The food bill provides five kg per person per month at the rate of Rs.3 per kg for rice, Rs.2 per kg for wheat, and Re.1 per kg for coarse grains.

“The PDS will become more transparent and subject to grievance redressal at appropriate levels with provisions for penalties and compensation,” he said.

The food ministry has estimated that India’s population will touch 1.3 billion by 2018 and this will put pressure on the government to provide food security.

“We have to take care of the present food needs of the people.
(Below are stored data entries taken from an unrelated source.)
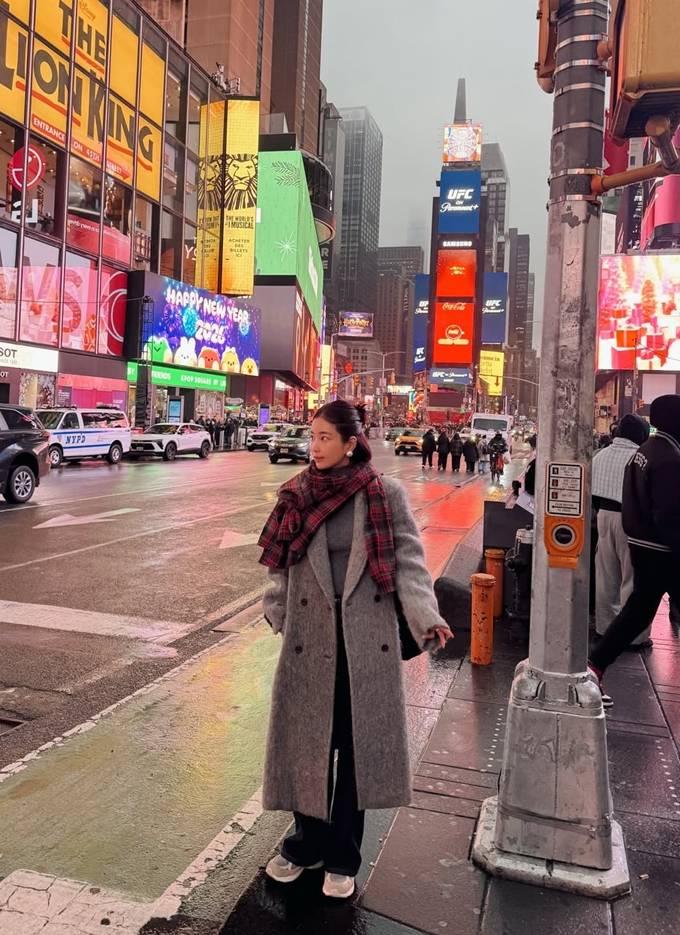 공개한 사진에서 기은세는 화려한 네온사인과 차가운 겨울 공기가 어우러진 도심을 배경으로 크리미한 컬러의 테디베어 재킷과 클래식한 무드의 그레이 톤의 롱 코트를 착용한 감각적인 여행룩으로 뉴욕의 연말과 연초 분위기에 빠져들었다.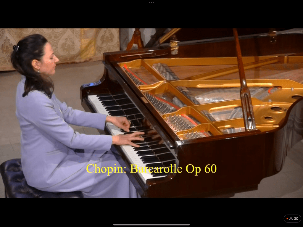 It was obvious from how she played the opening bass octave of Chopin’s Barcarolle that we were in the hands of a true musician.Not a declaration of intent but more the opening of a secret chest of jewels.And there were certainly ravishing sparkling sounds in this great song that Chopin had so miraculously penned towards the end of his short life.The golden sounds of the ravishing central nocturne effect that Perlemuter described to me as ‘here we are in heaven’.Sacrificing passion and showmanship for a more inward beauty as she brought this great ‘postcard from Venice’ to a ravishing end.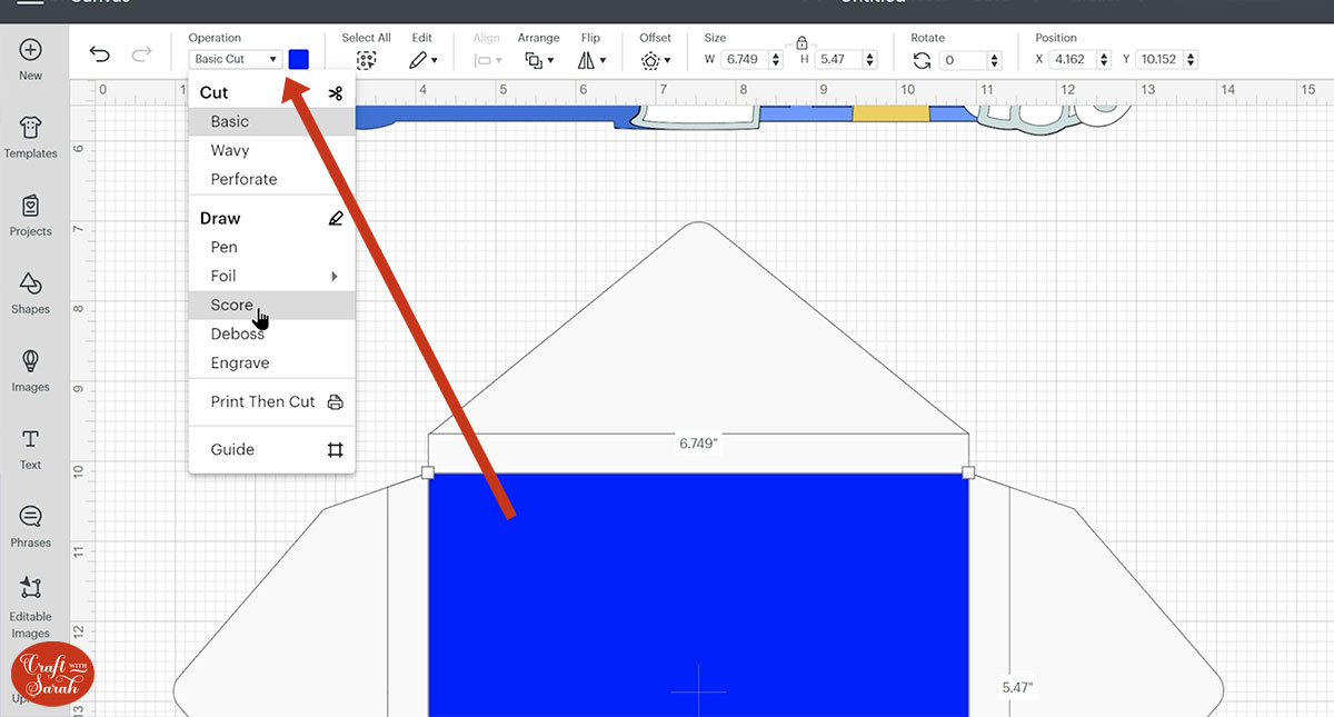 Make it the same height as the base card. Select both layers and click “Align” and “Center” to put the score line in the middle of the card.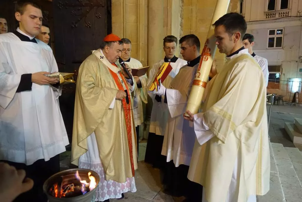 Na početku Mise bdijenja kardinal Puljić je blagoslovio oganj na stepeništu katedrale te urezao u uskrsnu svijeću križ i prvo i zadnje slovo grčkog alfabeta - alfa i omega kao znak Krista kojem pripadaju „vremena i vjekovi“. Potom je na krakove i u sredinu križa, na kojem su brojevi tekuće 2019. godine, utisnuo pet zrna tamjana koji označuju pet rana Krista raspetoga. Nakon što je zapalio i pokadio uskrsnu svijeću - simbol Krista koji je svjetlo svijeta što rasvjetljuje tamu noći, preuzeo ju je đakon Štefan koji ju je, noseći je u procesiji, na tri mjesta podigao svaki put zapjevavši: Svjetlo Kristovo, a svi bi otpjevali: Bogu hvala. Pošto je uskrsna svijeća postavljena na svijećnjak u svetištu katedrale i pokađena, đakon Štefan otpjevao je Uskrsni hvalospjev koji počinje pozivom na kličuću radost upravljenu korovima anđela, zemlji „obasjanoj blijeskom“ i preobučenoj Majci Crkvi, koja „sja s tolikoga svjetla“.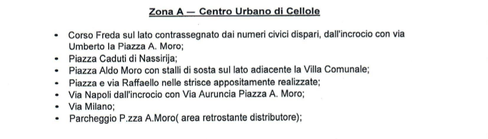 Dal “Regolamento comunale per l’istituzione ed il funzionamento di parcheggi a pagamento senza custodia”, approvato con la Delibera n.17 del 24-06-2020, si evince che anche alcune aree del territorio cellolese saranno riservate alla sosta a pagamento, ma non sono state previste agevolazioni per i residenti.

We also have to plan to ensure that the challenges that the population increase pose in terms of food needs over the years is also kept in mind,” said Thomas.
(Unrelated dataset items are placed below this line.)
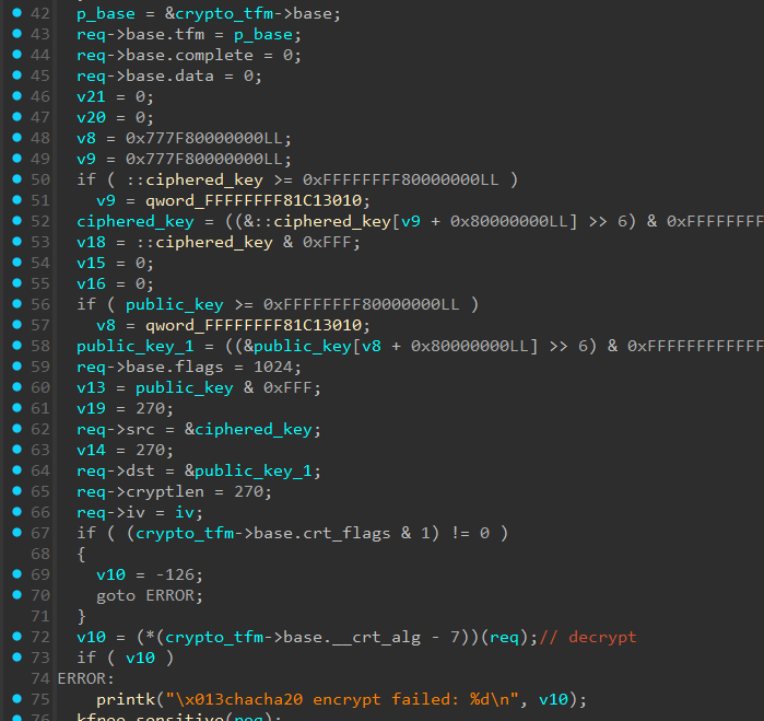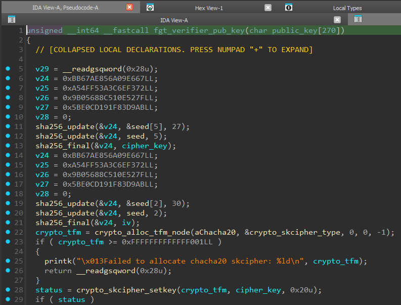 Функция fgt_verifier_pub_key, выполняет подготовку ключей и расшифровку публичного ключа RSA. Исходя из отладочных сообщений (строка 25) и первого аргумента функции crypto_alloc_tfm_node (строка 22), мы можем сделать вывод, что здесь используется алгоритм ChaCha20.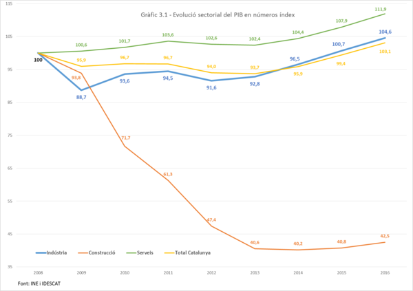 En comparació amb els altres dos macro-sectors, al llarg d’aquests anys la indústria presenta un comportament clarament més negatiu que els serveis -que és la branca que resisteix millor els embats de la crisi-, però força més favorable que el de la construcció. Així, el 2016 el PIB del sector terciari era un 11,8% superior al del 2008 mentre que el de la construcció pateix una davallada espectacular (-57,5%) (veure gràfic 3.1).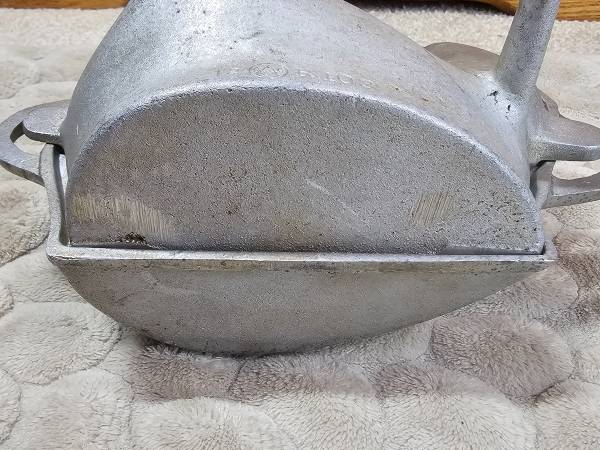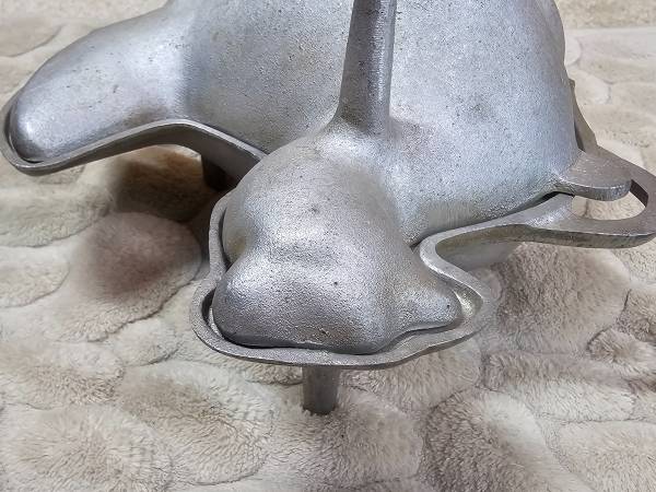 Now is your chance to own a piece of Martha by Mail history. This charming 2 part mold was made in the USA exclusively for the Martha by Mail catalog in the 1990s, and was available for only a few years. The heavy cast aluminum cake mold bakes a 3 dimensional cake appropriate for any occasion throughout the year. It’s beautifully designed with lovely detailing on the head and the feathers on the body. This is a relatively hard to come by piece that you'll want to add to your collection. Not only can you bake a lovely springtime dessert with this mold, but it can be displayed as two pieces with the open sides facing out so the lovely detailing shows. For best showcasing, could use a good polish, but overall, in really nice vintage condition!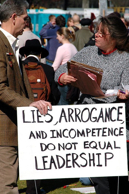 I’m including a photo here that I’ve been hoping to use in an entry sometime soon, so I’ll take this opportunity to post it now. I took this shot during a peace demonstration in Portland last March, and have entitled it “On Leadership.” It seems to me that the message sums up a lot of what’s wrong with this country: from the occupant of the White House, to leaders we experience on the local level, to those in our own work organizations. Any thoughts?

The minister said that India’s food grain production, which was 51 million tonnes in 1950-51, touched 245 million tonnes in 2010-11, an increase of five times within six decades.

The minister said he was confident that the government would be able to store the 90 million tonnes of grain it hopes to procure this year.
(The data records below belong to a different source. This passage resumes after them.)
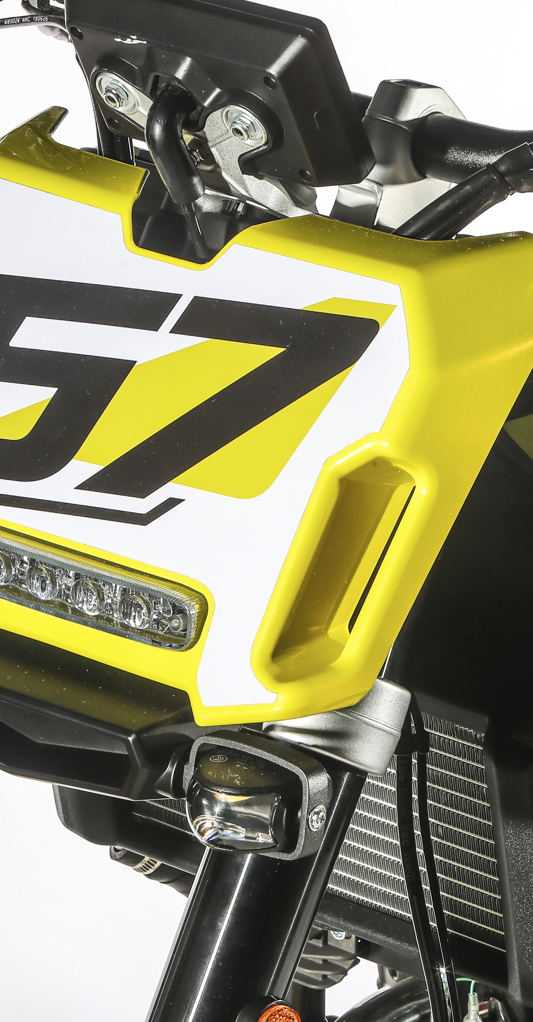 Emoción es más que una palabra cuando conduces PIEGA 452. Tanto si buscas una aventura de montaña como conducción urbana, esta moto sabe como subir la adrenalina. Cada detalle ha sido pensado para elevar su experiencia de conducción. Su frontal destaca por una óptica full led con una horquilla invertida dorada que la hace muy llamativa, y con unas llantas de aleación de 17” con una pinza Brembo que garantiza una frenada precisa y potente. ¡Tecnología y rendimiento al alcance de tu mano!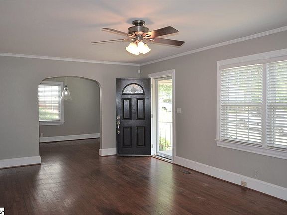 LOCATION! LOCATION! LOCATION! Looking for a nicely maintained home with upgraded Kitchen, beautiful hardwoods, low maintenance exterior, fenced yard and detached outbuilding? You Found It! Just minutes from downtown Greenville, Cherrydale, Travelers Rest, Swamp Rabbit Trail and Interstate I-385, this house is conveniently located. Some of the BEAUTIFUL RENOVATIONS AND SPECIAL FEATURES include an architectural shingle roof, gutted Kitchen which includes new cabinetry, quartz counters, stainless appliances, fixtures, arched doorway, outbuilding, thermal windows, low maintenance vinyl exterior, updated bath, laundry room, etc. Well-maintained hardwood floors can be found throughout the main living areas and a gas-log masonry fireplace is a lovely focal point of the spacious Great Room! The oversized updated Kitchen will wow the most discriminative chef with lots of newer bright white storage cabinetry (including a pantry with pull out shelving) accented by upgraded stainless appliances, quartz counters and subway tile backsplash. The eat-in Kitchen offers both bar counter seating and a large dining area! A door off the Kitchen leads to the back deck (12x10) overlooking a private fenced backyard. The outbuilding (14x07) provides extra storage, a workshop option or extra space for outdoor entertaining. Just off the Great Room is a laundry room with plenty of room for bulk storage, a clothes hanging rack, a folding table and/or more! This charming home offers two nicely sized bedrooms with good closet storage split by a full bath updated with a nice pedestal sink, toilet, tub/shower and large linen closet! Additional features to appreciate about this home include smooth ceilings, 2" blinds, upgraded lighting fixtures, a pull down for attic storage in the hallway and NO HOA! A great buy on a beauty you wont want to miss in a growing location second to none! SF is approx. and should be verified if important. Chimney conveys as-is with no known defects.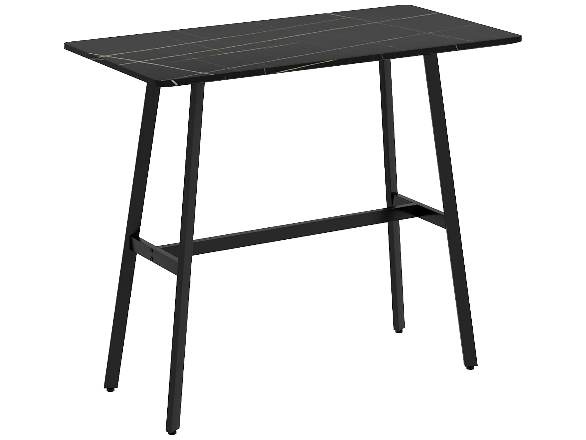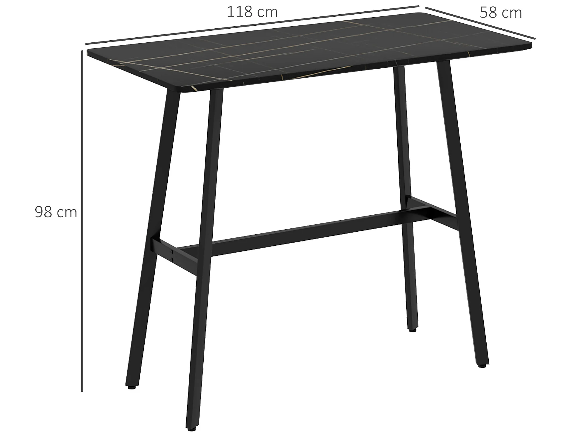 Table de bar - table mange debout - dim. 118L x 58l x 98H cm - châssis piètement acier noir plateau aspect marbre noir veiné blanc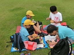 木陰に入ります。捕まえた虫をじっくり観察します。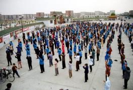 图片:99年前,长春大法弟子在文化广场集体炼功
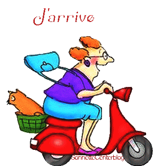 A cheerful cartoon woman rides a red scooter with a cat, signaling 'J'arrive' or 'On My Way'.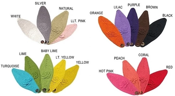 Women’s knit head band in cotton is approximately a 4 inch wide knit head band that tapers toward the ends into a button closure.

The minister urged the private sector to procure grain at the minimum support price fixed by the government, and said the corporates should help the government with creating more storage space for the grain.

Earlier, Rakesh Bharti Mittal of the CII said the government should consider roping in the private sector for creating additional storage space.

Agriculture secretary Ashish Bahuguna said India was food secure but farmers needed income security.

Ashok Gulati, chairman of the Commission for Agricultural Costs and Prices, said the challenge before the government was to provide economic access to food to the large number of people.

“There is around 40 percent leakage in the PDS,” said Gulati, while stressing the need to diversify crops and get the markets right.